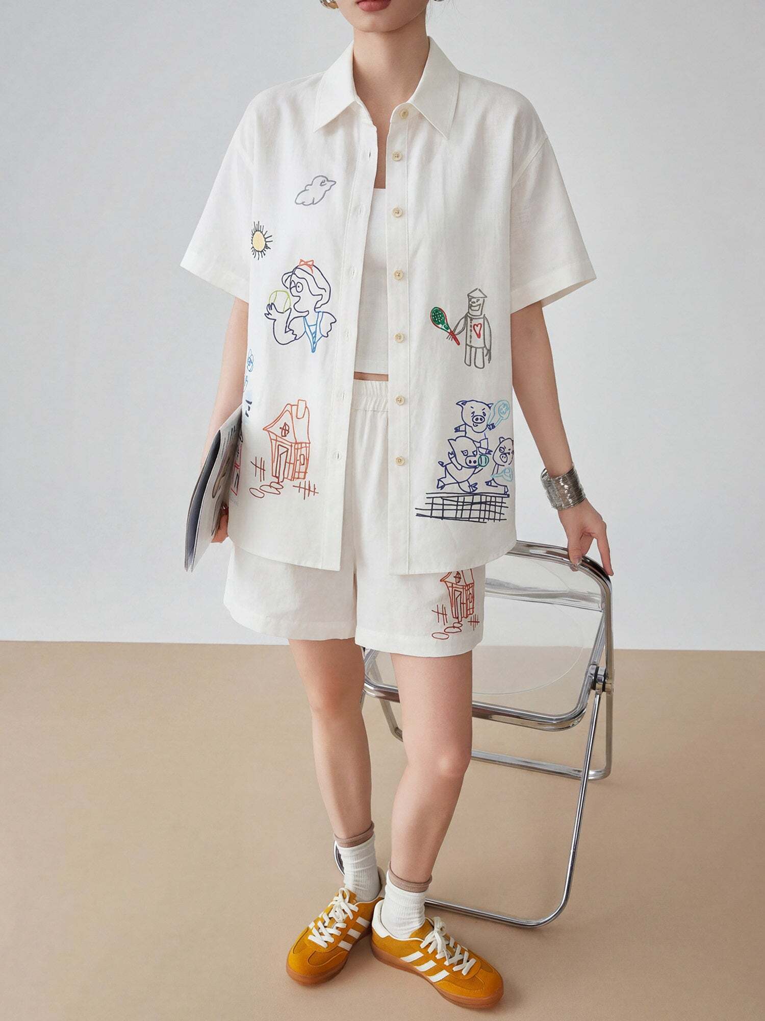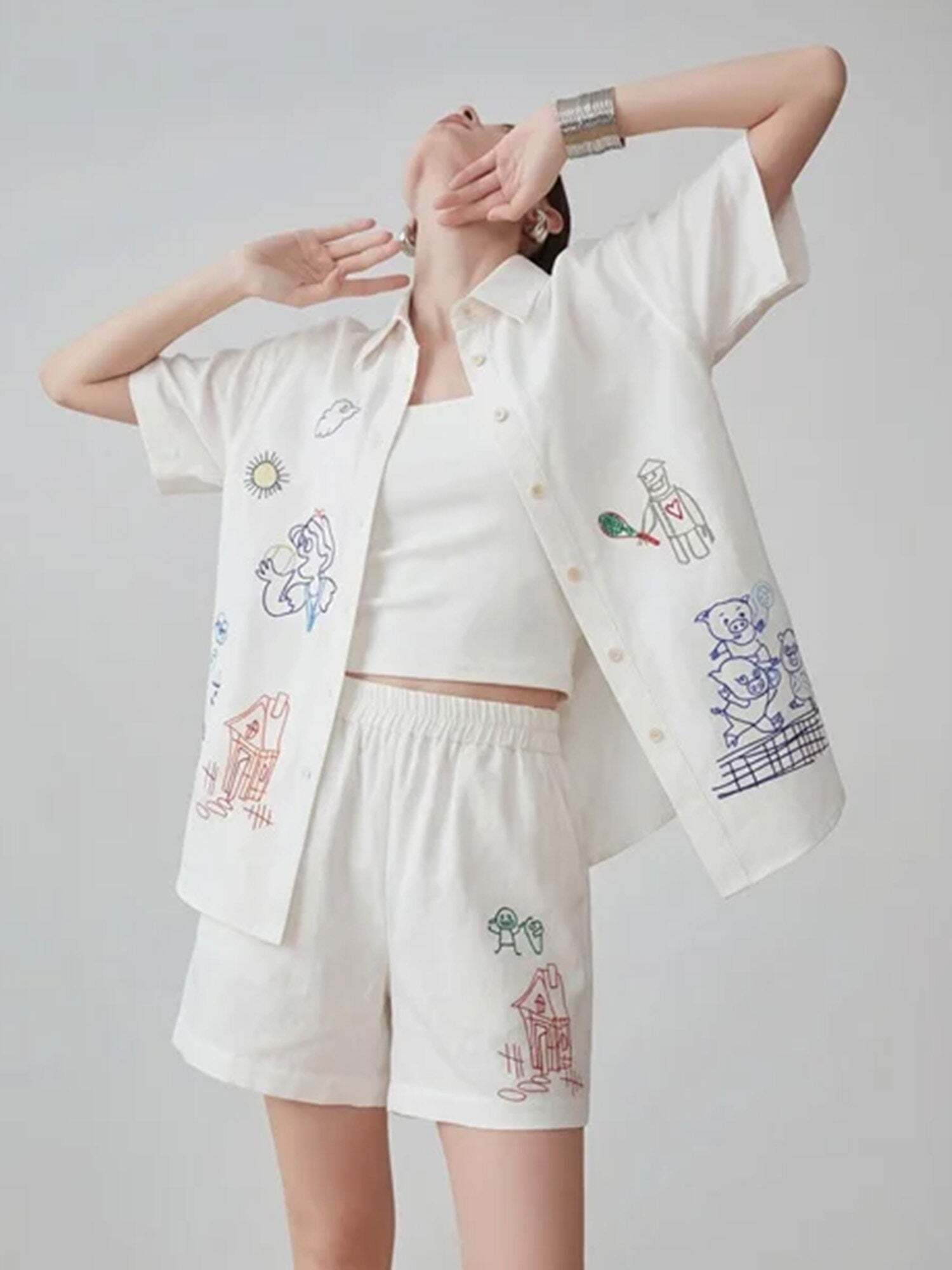 A set-up of a unique shirt and pants with illustrations that catch the eye like graffiti.
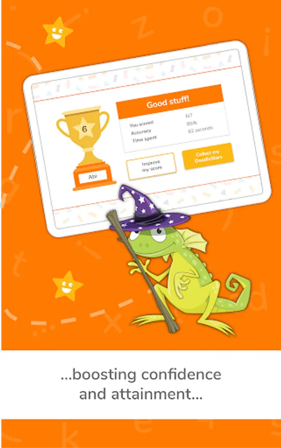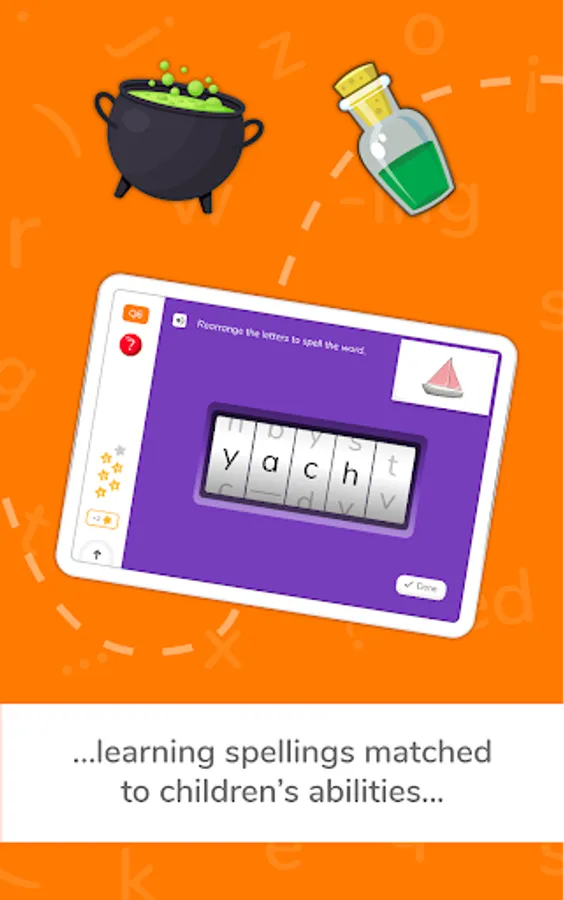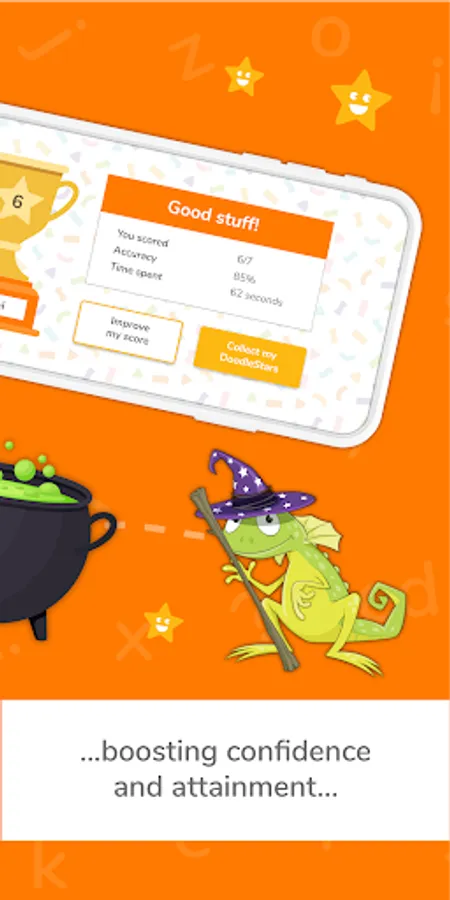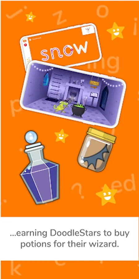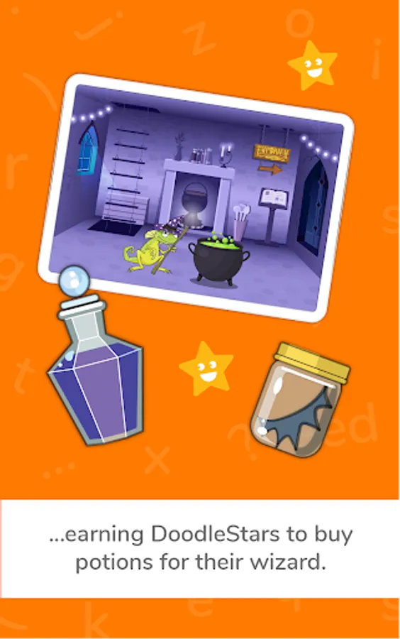 • A fun spelling journey where children earn DoodleStars to buy potions for their wizard
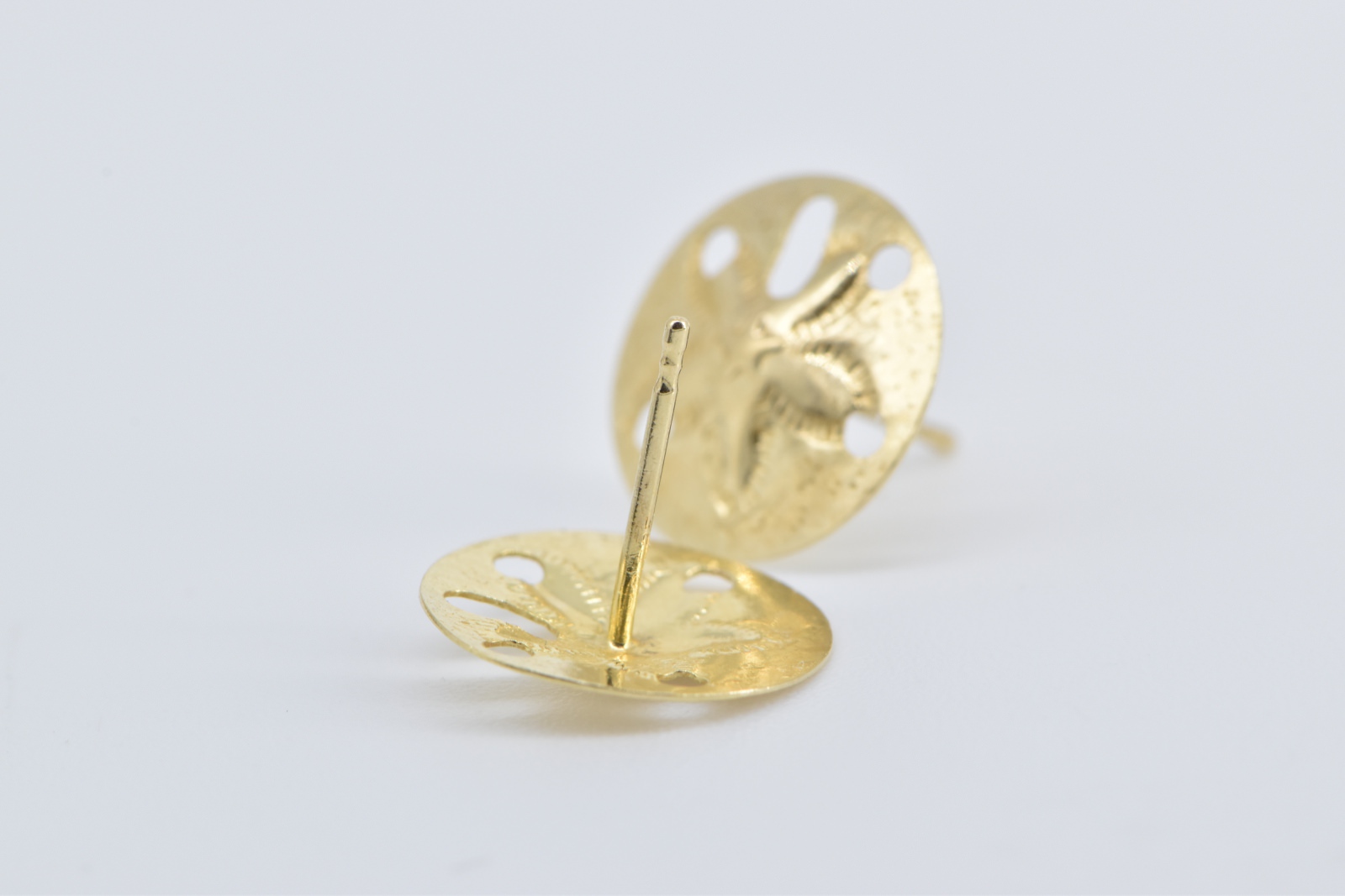 14K Sand Dollar Sea Shell Beach Ocean Motif Stud White Gold Earrings
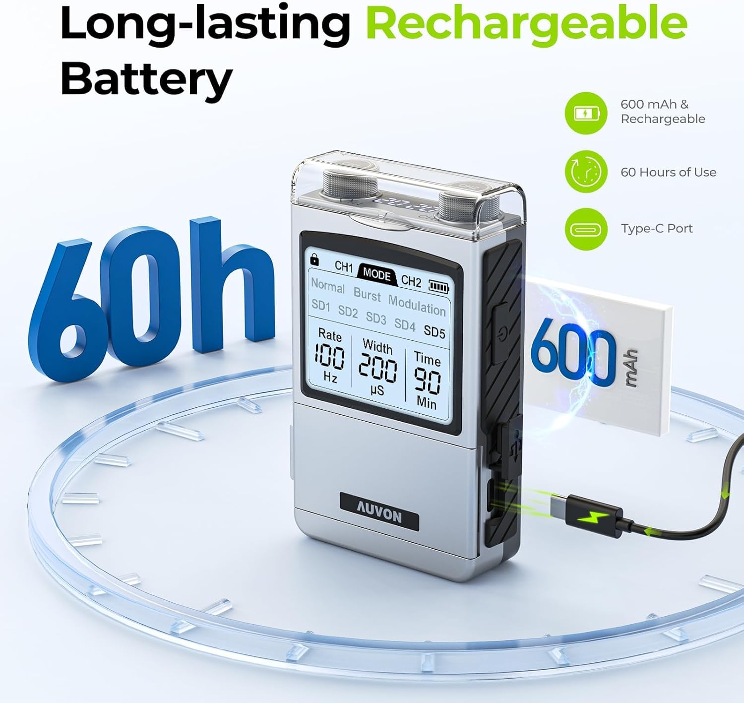 Rechargeable and Powerful Battery for 60h Usage: The TENS machine for pain management is upgraded with a powerful 600 mAh battery for 60 hours of continuous therapy. Included a Type-C cable (no adapter), this electric massager for muscles can be connected to a wall charger, power bank, or laptop USB port for charging. 4 simple buttons make operation more intuitive, and the flip cover can prevent accidental contact
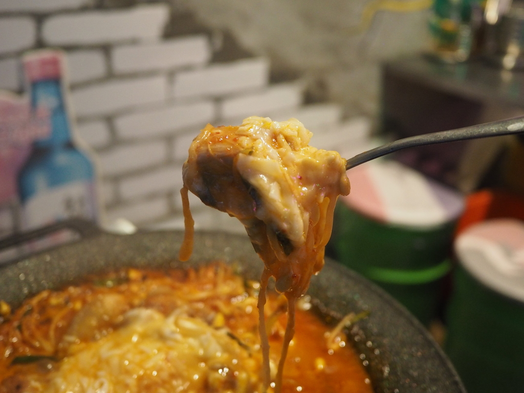 プリプリの鶏肉にたっぷりのチーズと甘辛いスープが絡んで旨い!
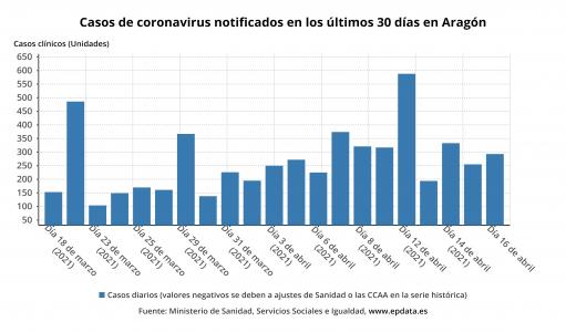 La Dirección General de Salud Pública del Gobierno de Aragón ha confirmado 291 nuevos casos de coronavirus SARS-CoV-2, correspondientes a los resultados de 2.699 pruebas diagnósticas, conocidos este jueves, 15 de abril, y una positividad del 10,78 por ciento.
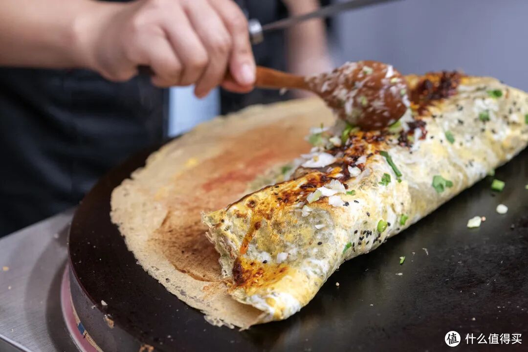 由绿豆面制成的糊,平平整整的摊在饼铛上,磕上鸡蛋,抹上甜咸交织的面酱,最后加一个酥脆的果篦儿,一套完整的煎饼果子就出炉了。
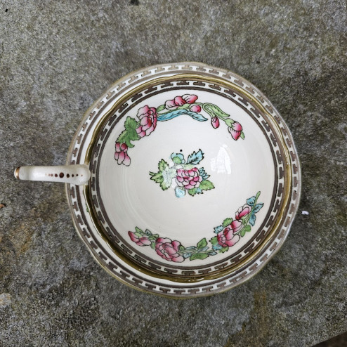Questa elegante tazza da tè con piattino in fine bone china, prodotta dalla storica manifattura inglese Coalport negli anni ’20, rappresenta perfettamente il gusto raffinato della tavola inglese del primo Novecento.
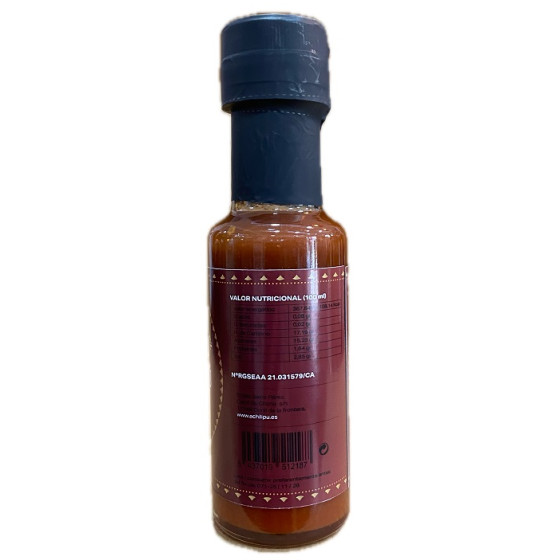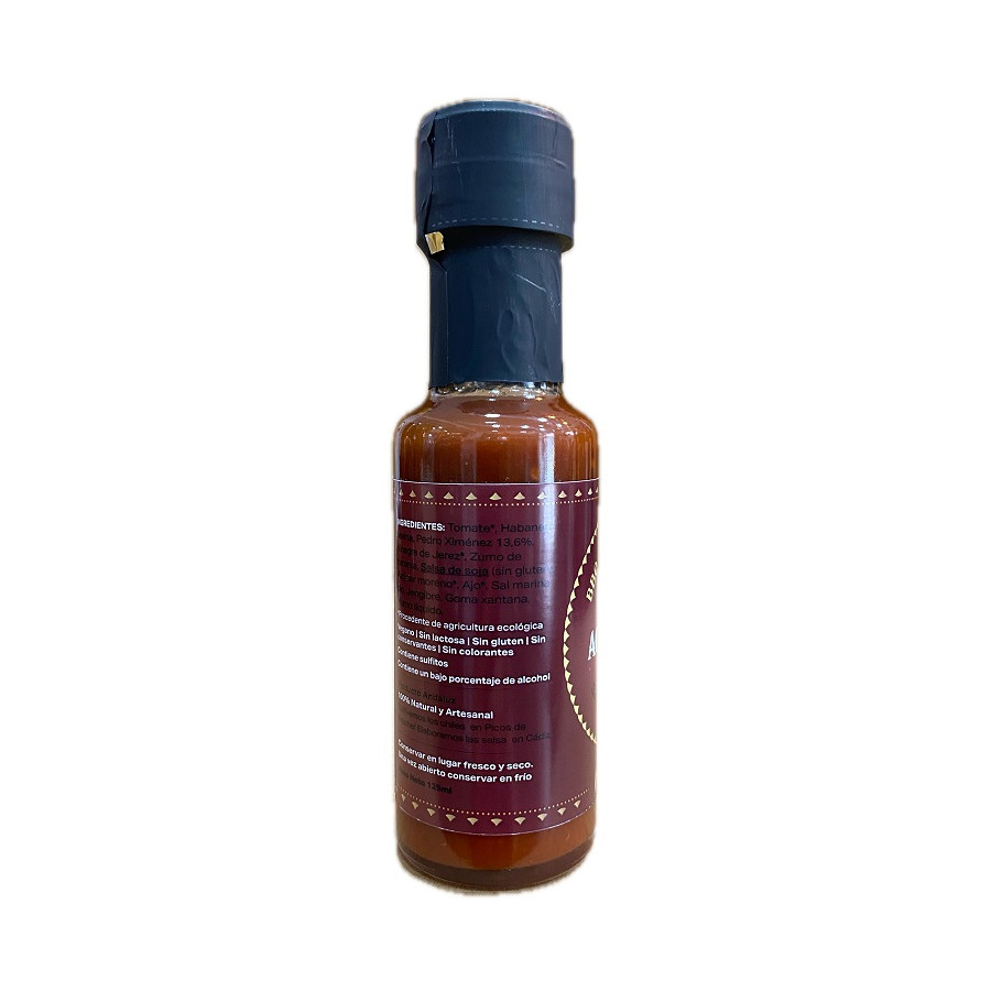 La salsa barbacoa artesanal Pedro Ximénez de Achilipú, en formato de 125 ml, es una fusión audaz y equilibrada que une lo mejor del sabor andaluz con un carácter picante de inspiración internacional. El ingrediente estrella, el vino Pedro Ximénez (13,6 %), aporta profundidad, notas de pasas y dulzura natural, mientras que el vinagre de Jerez y el zumo de naranja equilibran el conjunto con una acidez vibrante y cítrica. La presencia del chile habanero Savina introduce un golpe de calor controlado, potente pero armónico, que despierta los sentidos sin enmascarar el resto de ingredientes. Completan la fórmula el tomate maduro, azúcar moreno, salsa de soja sin gluten, ajo, jengibre y sal marina ecológica, con un leve toque de humo líquido que redondea el perfil ahumado y le confiere un fondo profundo y duradero en boca. Espesada de forma natural con goma xantana, esta salsa no contiene ingredientes innecesarios, lo que la convierte en una opción limpia, honesta y pensada para paladares curiosos. Ideal para carnes a la brasa, costillas, hamburguesas, verduras grilladas o incluso como aderezo creativo para platos orientales o de cocina fusión. Elaborada en Cádiz con mimo y personalidad, esta salsa representa una nueva forma de entender la barbacoa: sofisticada, atrevida y absolutamente inolvidable.
*****
Task item -> Output each record precisely as it appears, and drop every picture.

Response ->
 A set-up of a unique shirt and pants with illustrations that catch the eye like graffiti.
 • A fun spelling journey where children earn DoodleStars to buy potions for their wizard
 14K Sand Dollar Sea Shell Beach Ocean Motif Stud White Gold Earrings
 Rechargeable and Powerful Battery for 60h Usage: The TENS machine for pain management is upgraded with a powerful 600 mAh battery for 60 hours of continuous therapy. Included a Type-C cable (no adapter), this electric massager for muscles can be connected to a wall charger, power bank, or laptop USB port for charging. 4 simple buttons make operation more intuitive, and the flip cover can prevent accidental contact
 プリプリの鶏肉にたっぷりのチーズと甘辛いスープが絡んで旨い!
 La Dirección General de Salud Pública del Gobierno de Aragón ha confirmado 291 nuevos casos de coronavirus SARS-CoV-2, correspondientes a los resultados de 2.699 pruebas diagnósticas, conocidos este jueves, 15 de abril, y una positividad del 10,78 por ciento.
 由绿豆面制成的糊,平平整整的摊在饼铛上,磕上鸡蛋,抹上甜咸交织的面酱,最后加一个酥脆的果篦儿,一套完整的煎饼果子就出炉了。
Questa elegante tazza da tè con piattino in fine bone china, prodotta dalla storica manifattura inglese Coalport negli anni ’20, rappresenta perfettamente il gusto raffinato della tavola inglese del primo Novecento.
 La salsa barbacoa artesanal Pedro Ximénez de Achilipú, en formato de 125 ml, es una fusión audaz y equilibrada que une lo mejor del sabor andaluz con un carácter picante de inspiración internacional. El ingrediente estrella, el vino Pedro Ximénez (13,6 %), aporta profundidad, notas de pasas y dulzura natural, mientras que el vinagre de Jerez y el zumo de naranja equilibran el conjunto con una acidez vibrante y cítrica. La presencia del chile habanero Savina introduce un golpe de calor controlado, potente pero armónico, que despierta los sentidos sin enmascarar el resto de ingredientes. Completan la fórmula el tomate maduro, azúcar moreno, salsa de soja sin gluten, ajo, jengibre y sal marina ecológica, con un leve toque de humo líquido que redondea el perfil ahumado y le confiere un fondo profundo y duradero en boca. Espesada de forma natural con goma xantana, esta salsa no contiene ingredientes innecesarios, lo que la convierte en una opción limpia, honesta y pensada para paladares curiosos. Ideal para carnes a la brasa, costillas, hamburguesas, verduras grilladas o incluso como aderezo creativo para platos orientales o de cocina fusión. Elaborada en Cádiz con mimo y personalidad, esta salsa representa una nueva forma de entender la barbacoa: sofisticada, atrevida y absolutamente inolvidable.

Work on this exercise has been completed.